------ SOURCE MATERIAL
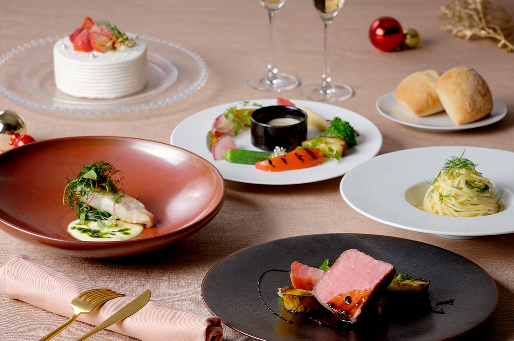 今年のクリスマスは、贅沢なランチで特別なひとときを過ごしませんか。クリスマスリースに見立てたドルチェをはじめ、クリスマス気分を盛り上げるケーキ付きのアフタヌーンティーまで、華やかなクリスマスランチプランをご用意しました。個室もご用意していますので、クリスマス女子会や記念日、お祝いの会食にも最適です。大切な人と、心に残るランチタイムをお過ごしください。
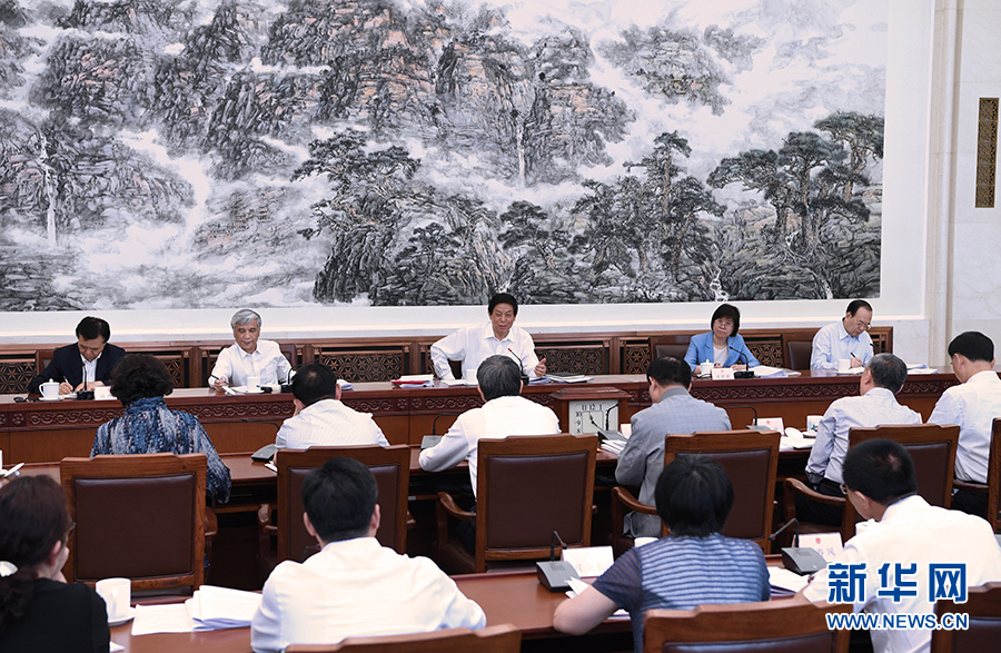 6月15日,中共中央政治局常委、全国人大常委会委员长栗战书在北京主持召开全国人大常委会大气污染防治法执法检查组第二次全体会议。新华社记者 饶爱民 摄
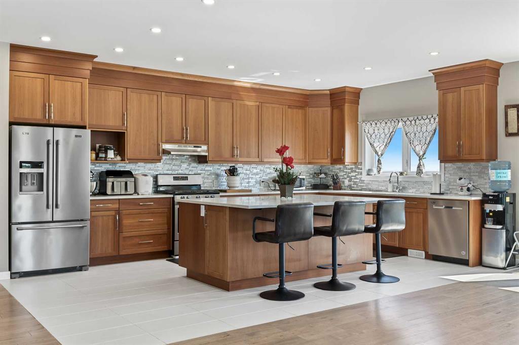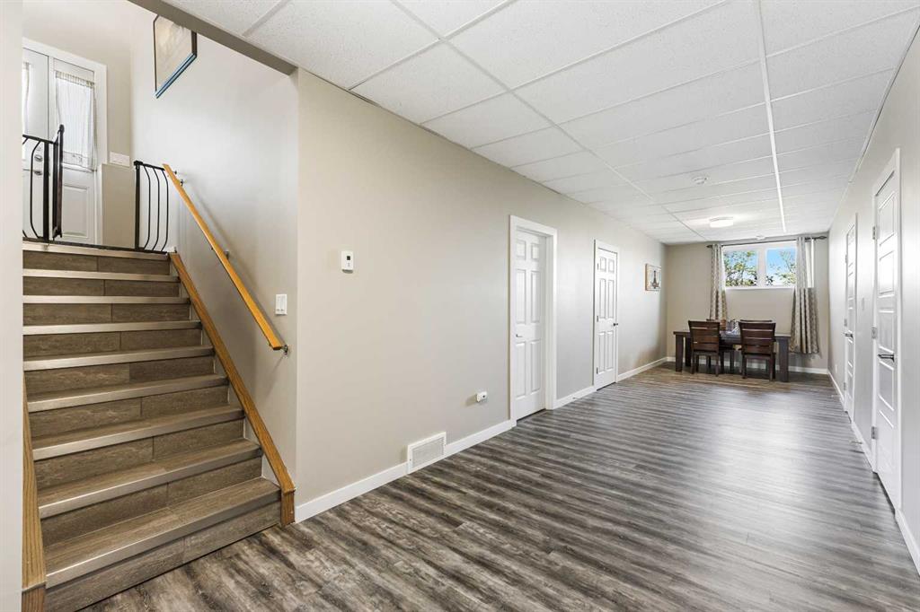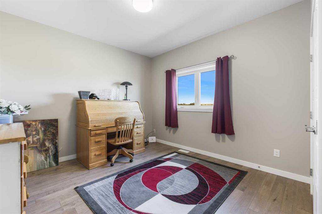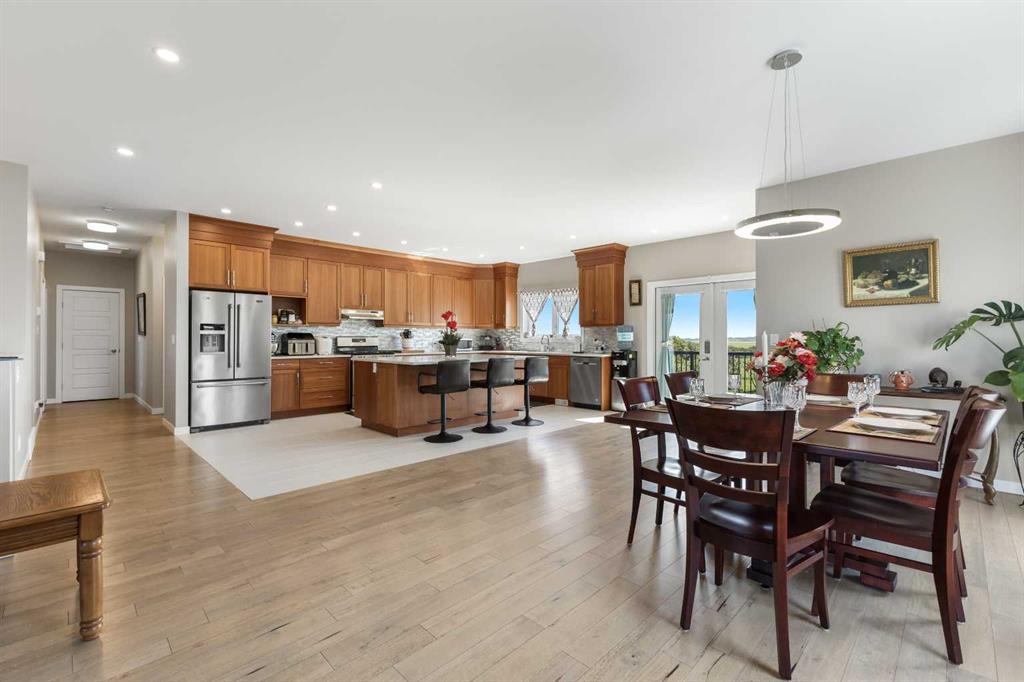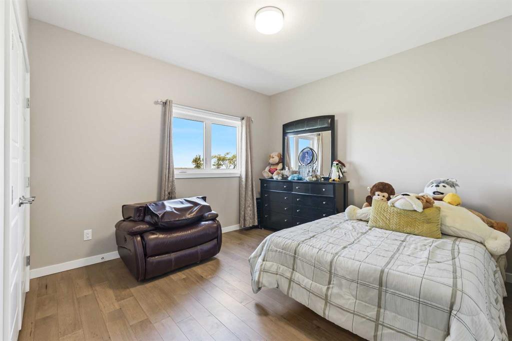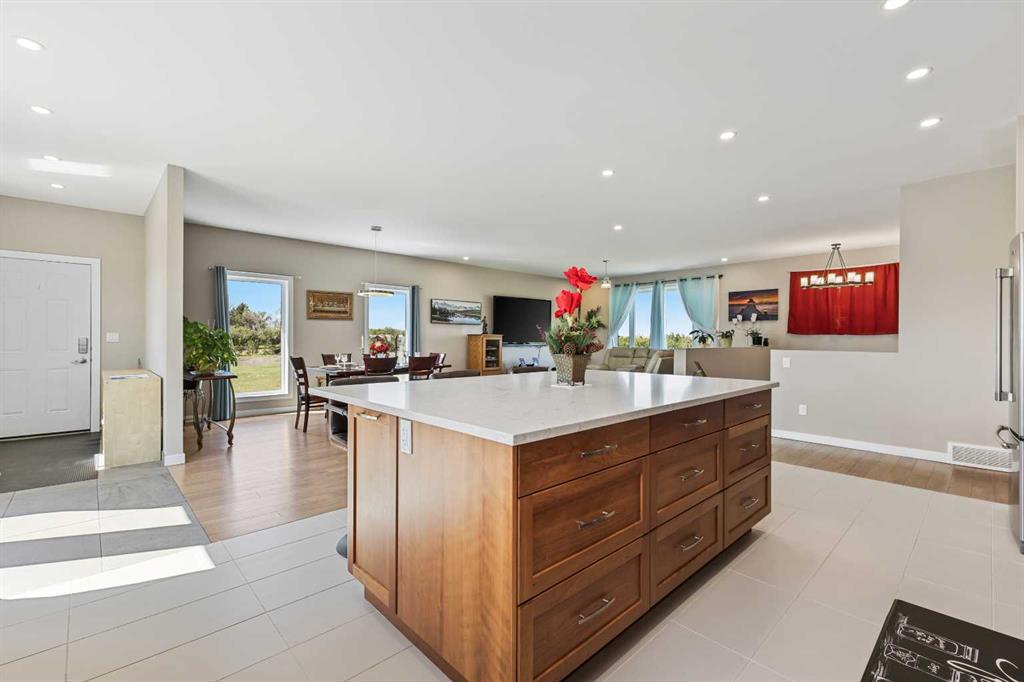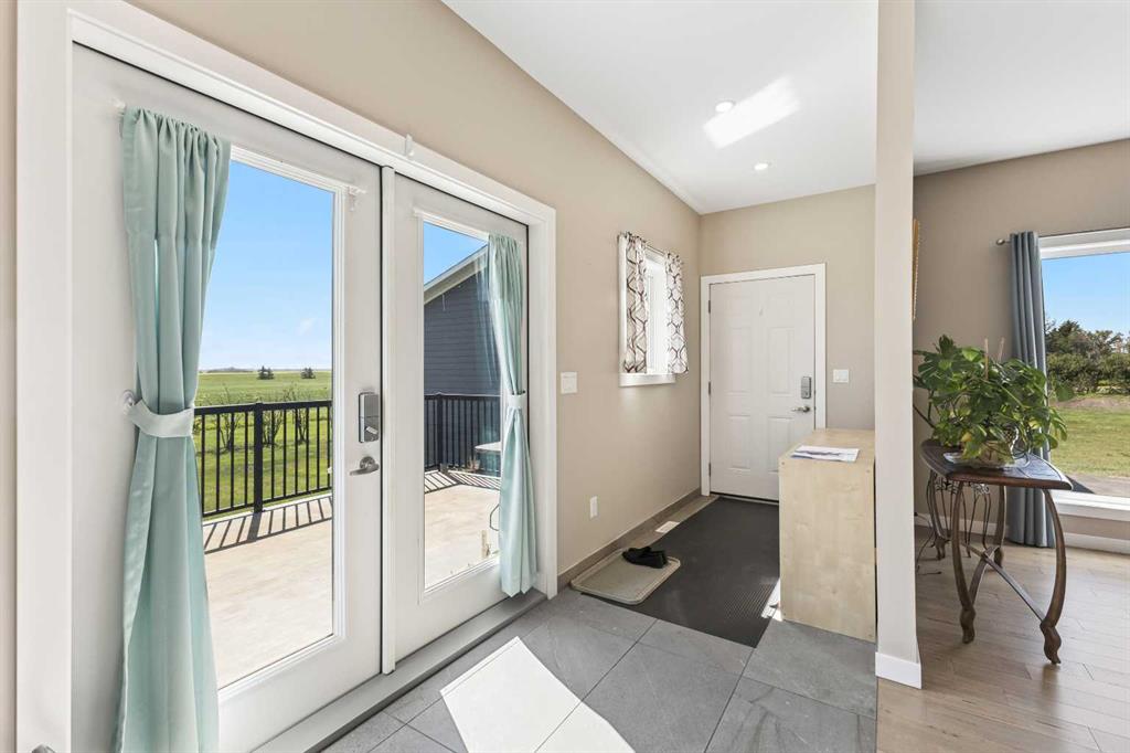 **Welcome to your spacious acreage just minutes from Strathmore!** Enjoy the perfect balance of country serenity and city convenience with quick access to all amenities and an easy commute to Calgary via Highway 1. Set on 5 acres with paved access and no gravel roads, this impressive property offers breathtaking west-facing mountain views on clear days. The well designed, air-conditioned bi-level home offers over 3,760 sq. ft of developed living space, featuring five bedrooms (plus two potential rooms you could convert to extra bedrooms) and three full bathrooms. The primary suite is a true retreat with a large walk-in closet and a beautifully appointed ensuite with dual vanities. Recent upgrades include hardwood floors and a custom gourmet kitchen with quartz countertops, ample cabinetry, and a large island—ideal for entertaining. The bright dining and living areas are framed by west-facing windows that capture stunning sunsets. The fully developed basement boasts in-floor heating, and includes a large family room, three additional bedrooms, a full bathroom, a laundry room, and a versatile flex/storage space. The home is equipped with triple-glazed windows, Hardie board siding, a Dura Deck, two sump pumps, a boiler, a forced air system, and in-floor heating throughout. Central air conditioning keeps the home comfortable year-round. Outside, the 45' x 40' heated shop is a showstopper. It includes 220V power, 12-foot and 18-foot doors, and space to accommodate up to nine vehicles, making it perfect for car enthusiasts, contractors, or hobbyists. This is more than just a home—it's a lifestyle. Schedule your private viewing with your favourite real estate professional today.
------------
AIM OF THE EXERCISE: Wherever a picture appears, omit it; copy the rest of the data exactly.

WRITTEN SOLUTION:
 今年のクリスマスは、贅沢なランチで特別なひとときを過ごしませんか。クリスマスリースに見立てたドルチェをはじめ、クリスマス気分を盛り上げるケーキ付きのアフタヌーンティーまで、華やかなクリスマスランチプランをご用意しました。個室もご用意していますので、クリスマス女子会や記念日、お祝いの会食にも最適です。大切な人と、心に残るランチタイムをお過ごしください。
 6月15日,中共中央政治局常委、全国人大常委会委员长栗战书在北京主持召开全国人大常委会大气污染防治法执法检查组第二次全体会议。新华社记者 饶爱民 摄
 **Welcome to your spacious acreage just minutes from Strathmore!** Enjoy the perfect balance of country serenity and city convenience with quick access to all amenities and an easy commute to Calgary via Highway 1. Set on 5 acres with paved access and no gravel roads, this impressive property offers breathtaking west-facing mountain views on clear days. The well designed, air-conditioned bi-level home offers over 3,760 sq. ft of developed living space, featuring five bedrooms (plus two potential rooms you could convert to extra bedrooms) and three full bathrooms. The primary suite is a true retreat with a large walk-in closet and a beautifully appointed ensuite with dual vanities. Recent upgrades include hardwood floors and a custom gourmet kitchen with quartz countertops, ample cabinetry, and a large island—ideal for entertaining. The bright dining and living areas are framed by west-facing windows that capture stunning sunsets. The fully developed basement boasts in-floor heating, and includes a large family room, three additional bedrooms, a full bathroom, a laundry room, and a versatile flex/storage space. The home is equipped with triple-glazed windows, Hardie board siding, a Dura Deck, two sump pumps, a boiler, a forced air system, and in-floor heating throughout. Central air conditioning keeps the home comfortable year-round. Outside, the 45' x 40' heated shop is a showstopper. It includes 220V power, 12-foot and 18-foot doors, and space to accommodate up to nine vehicles, making it perfect for car enthusiasts, contractors, or hobbyists. This is more than just a home—it's a lifestyle. Schedule your private viewing with your favourite real estate professional today.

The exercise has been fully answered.